In the cohort of 5,099 breast cancer patients, 597 women carried a rare protein-truncating variant. These women were younger, had more aggressive tumor characteristics, and were at 1.65 times greater risk of dying from breast cancer compared to those who didn’t have these variants.
Li and colleagues also evaluated this subset of women after excluding 92 patients who carried BRCA1/2 mutations, since these are known to be associated with poor prognosis, diagnosis at a younger age, estrogen receptor negativity, and basal-like subtype. They found that women with rare protein-truncating variants in non-BRCA1/2 genes had 1.76 times the risk of death compared to non-carriers.
“Although BRCA1/2-associated cancers are often associated with worse tumor phenotypes, it has been documented that patients with breast cancer who are BRCA1/2 carriers do not necessarily exhibit worse survival patterns than BRCA1/2 non-carriers,” the authors wrote. “In agreement, a slightly stronger effect for worse survival was observed in carriers of non-BRCA1/2 protein-truncating variants after the removal of BRCA1/2 carriers.”
The researchers then analyzed genetic data from the 5,077 women who did not carry BRCA1/2 mutations with the polygenic risk score and found that a higher score was associated with less aggressive tumor phenotypes.
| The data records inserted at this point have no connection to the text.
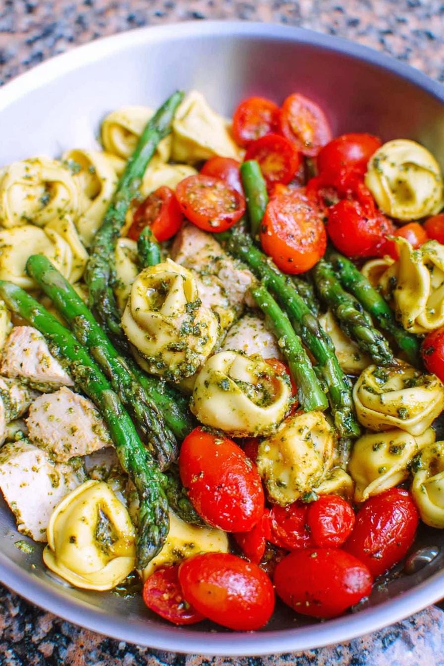 - Serve the chicken, tortellini, and cherry tomatoes atop the asparagus for a vibrant presentation.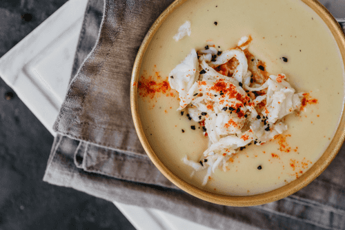 Картофельное пюре с крабом и соусом биск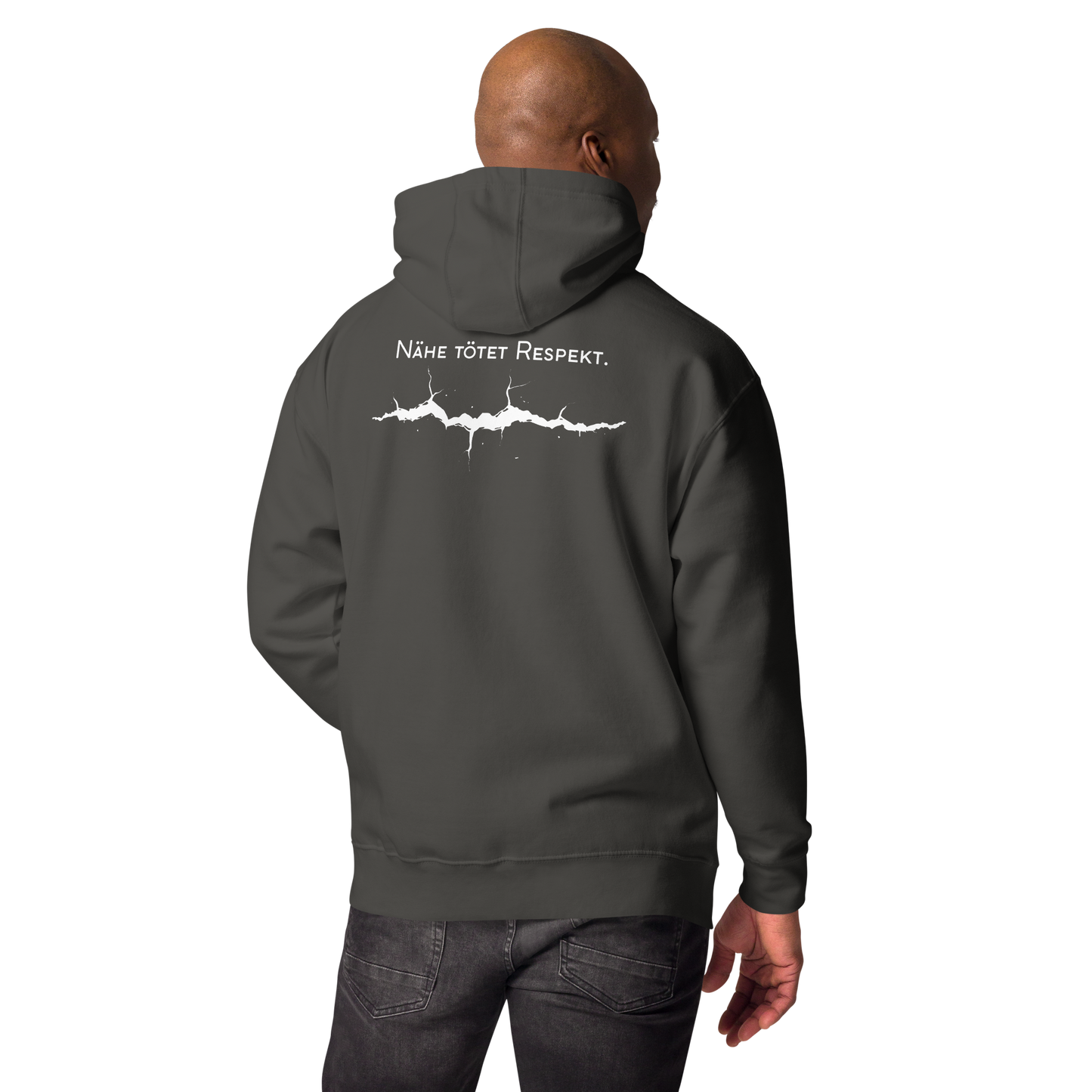 • Rückenprint: „Nähe tötet Respekt.“ + grafischer Riss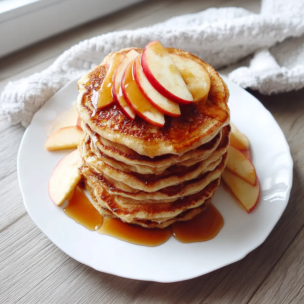 - Stack pancakes on a plate, top with apple slices, syrup, or whipped cream, and serve warm.

Also, there were no significant survival differences linked to increases in polygenic risk scores.
"Polygenic risk score is a good marker for breast cancer prediction," Li said. "However, there is not enough evidence to show that this score can also predict death from breast cancer."
One reason that higher polygenic risk scores in this study were associated with less aggressive disease, which is likely to be detected during routine screening, may be due to the way the algorithm was developed. The authors noted that many of the 172 known SNPs associated with breast cancer, of which they used 162 in their study, were likely identified in large breast cancer cohorts that are enriched for estrogen receptor-positive disease, which is often associated with favorable tumor features and outcomes.
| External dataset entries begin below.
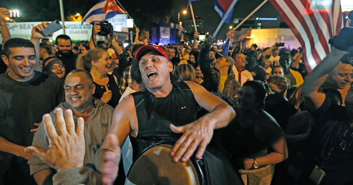 Американские кубинцы встречают известие о смерти Фиделя Кастро. Фотография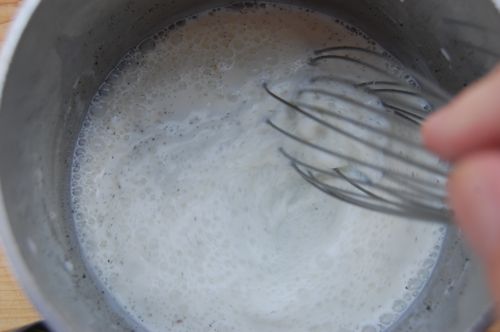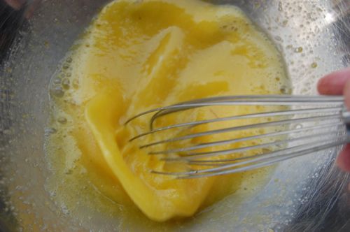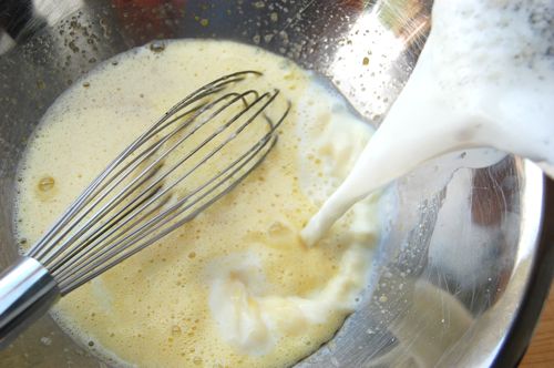 Add the hot milk to the egg mixture in a steady stream, whisking all the while.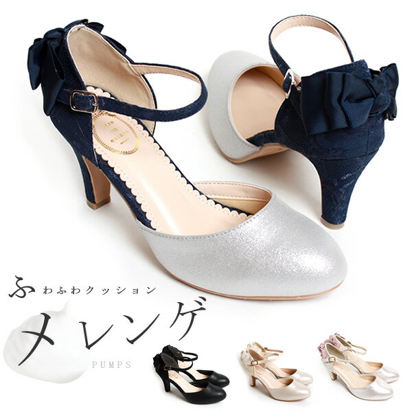 【あす楽】結婚式 パーティ フォーマル パンプス 痛くない ストラップ レディース/靴/ラウンドトゥ/リボンパンプス/オープン/入学式/卒業式/美脚/ゴールド/シルバ−/ベージュ/リボン【バックリボン&レース メレンゲクッション セパレート パンプス】ヘッジホッグ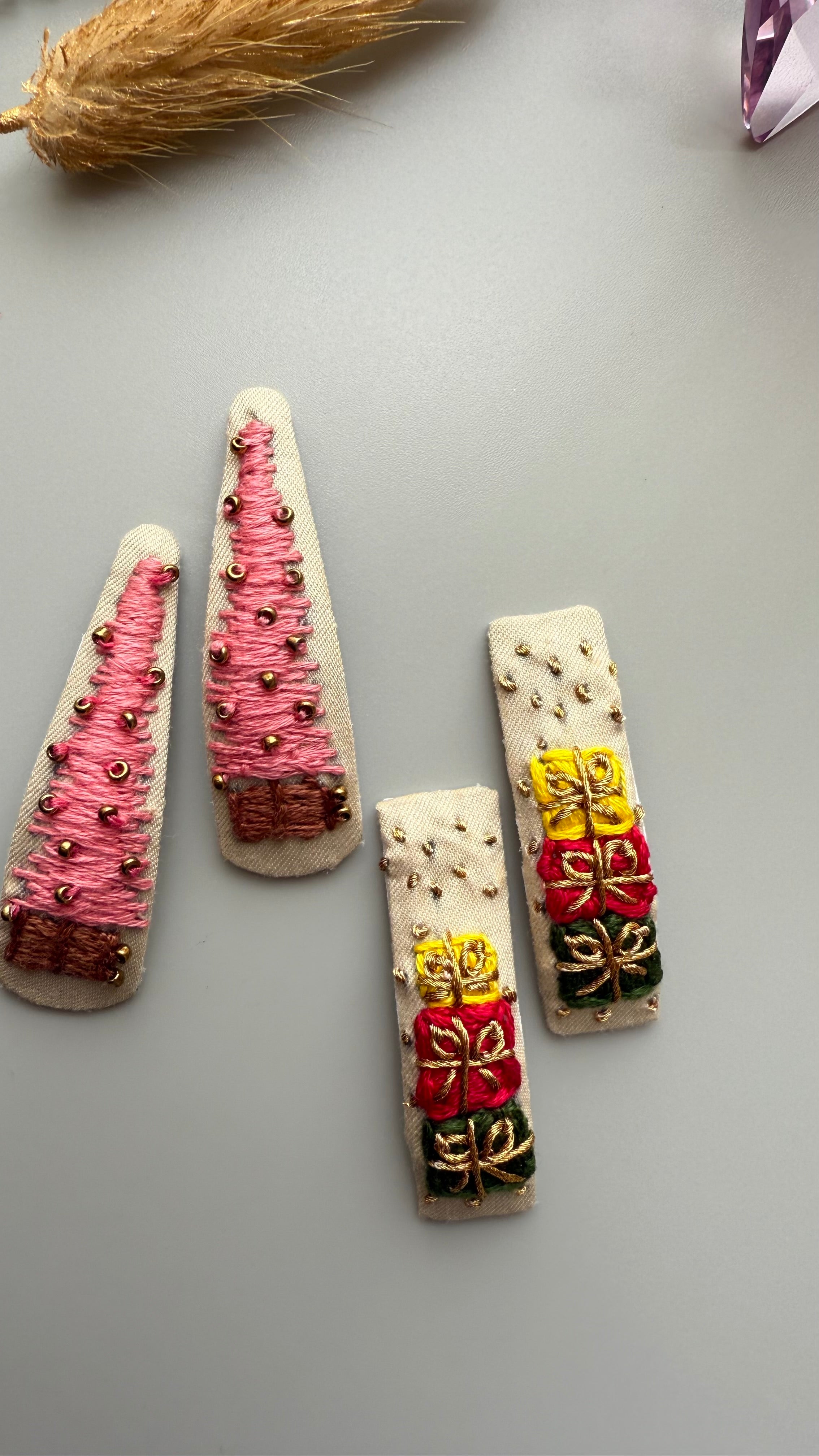 Hand embroidered Christmas Hairclips - Gift boxes & Christmas
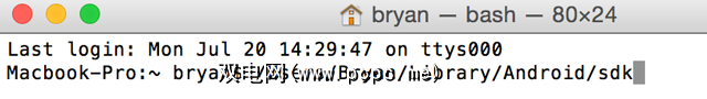 如果您需要从命令行使用Android SDK工具,则可以访问它们通过打开终端(应用程序>实用程序>终端)并使用以下命令: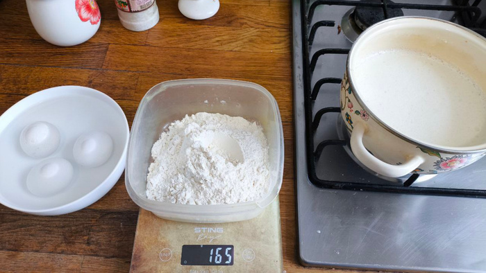 Всем приветы, всем приветы! Всегда делал заварные блины. Ну вот это вот когда стакан муки разводишь в стакане молока до "без комочков", а потом вваливаешь туда стакан кипятка, месишь и докидываешь яичко или два. Вчера на канале Алесандра Селезнева вышел новый шортс с НЕ заварными блинами по случаю масленицы и я решил изменить своим традициям.)) Я делал: 165 г муки, 550 мл молока, 1/2 чл соли, 35 г сахара, 3 яйца С1, 50 г подсолнечного, 20 г сливочного. Яйца кинул в тёплую воду из-под крана до всех операций, дабы согрелись до +- комнатной В молоко добавил соль, сахар, подсолнечное масло, немного сливочного. Подогрел это всё помешивая до градусов 40-ка (как слегка горячеватая вода из-под душа) и убедился что сахар с солью растворились. Влил примерно 50% молока в муку и венчиком перемешал до состояния "без комочков". Массу зафигачил в остатки молока и разбил в это всё 3 яйца. Достал Витька и пробил всё до однородности, около 3-х минут заняло. И пошел за компик, дабы глютен в очередной раз
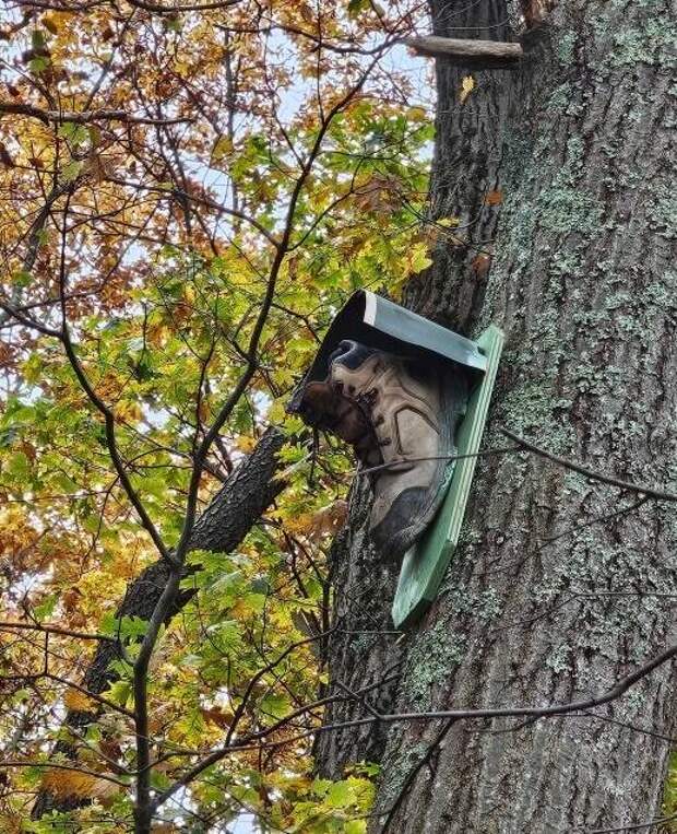 11. Вот такая находка нас ждала на дереве на туристической тропе: большой походный ботинок на табличке с «крышей». Что бы это значило?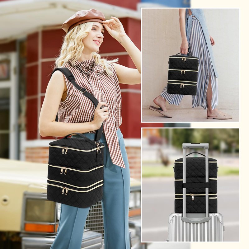 - 【Easy to Carry】KZAOPZ Nail polish storage with 3 carrying modes. The top layer has a durable and solid handle, the metal buckle on the two sides with an adjustable shoulder belt. On the back is an elastic luggage strap. When you need to go out with a large number of nail polish products, put the nail bag on the luggage to free your hands.

Another factor Li and colleagues considered in their study was dense breast tissue, which is a major reason why cancers are missed during routine mammography. They stratified patients into high and low risk categories based on percent breast density and found that women with low breast density who carried rare protein-truncating mutations were 1.96 times as likely to be diagnosed with interval breast cancers compared to women who did not carry such mutations.
Women with low breast density who carried protein-truncating mutations in non-BRCA1/2 genes still had a 1.89 times increased risk compared to non-carriers. However, patients with low breast density and a higher polygenic risk score were at 23 percent lower risk for developing interval breast cancer.
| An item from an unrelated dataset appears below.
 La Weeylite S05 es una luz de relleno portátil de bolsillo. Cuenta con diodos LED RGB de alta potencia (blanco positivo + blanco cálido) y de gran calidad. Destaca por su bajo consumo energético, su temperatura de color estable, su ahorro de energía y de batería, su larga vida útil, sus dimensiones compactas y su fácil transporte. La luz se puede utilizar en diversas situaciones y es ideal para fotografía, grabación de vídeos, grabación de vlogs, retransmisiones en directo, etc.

The study authors acknowledged that differences in local screening guidelines made the interval between mammograms inconsistent between patients in this study and noted this as a limitation of their analysis.
Still, based on their findings, Li and colleagues suggested that women who carry rare protein-truncating variants, and are therefore at greater risk for interval cancers, could benefit from screening starting at a younger age, at shorter intervals, and using more sensitive methods than mammography, such as magnetic resonance imaging and ultrasound. In contrast, although patients with higher polygenic risk scores are also at increased risk for breast cancer, their tumors are more likely to be detected during routine screening, they concluded.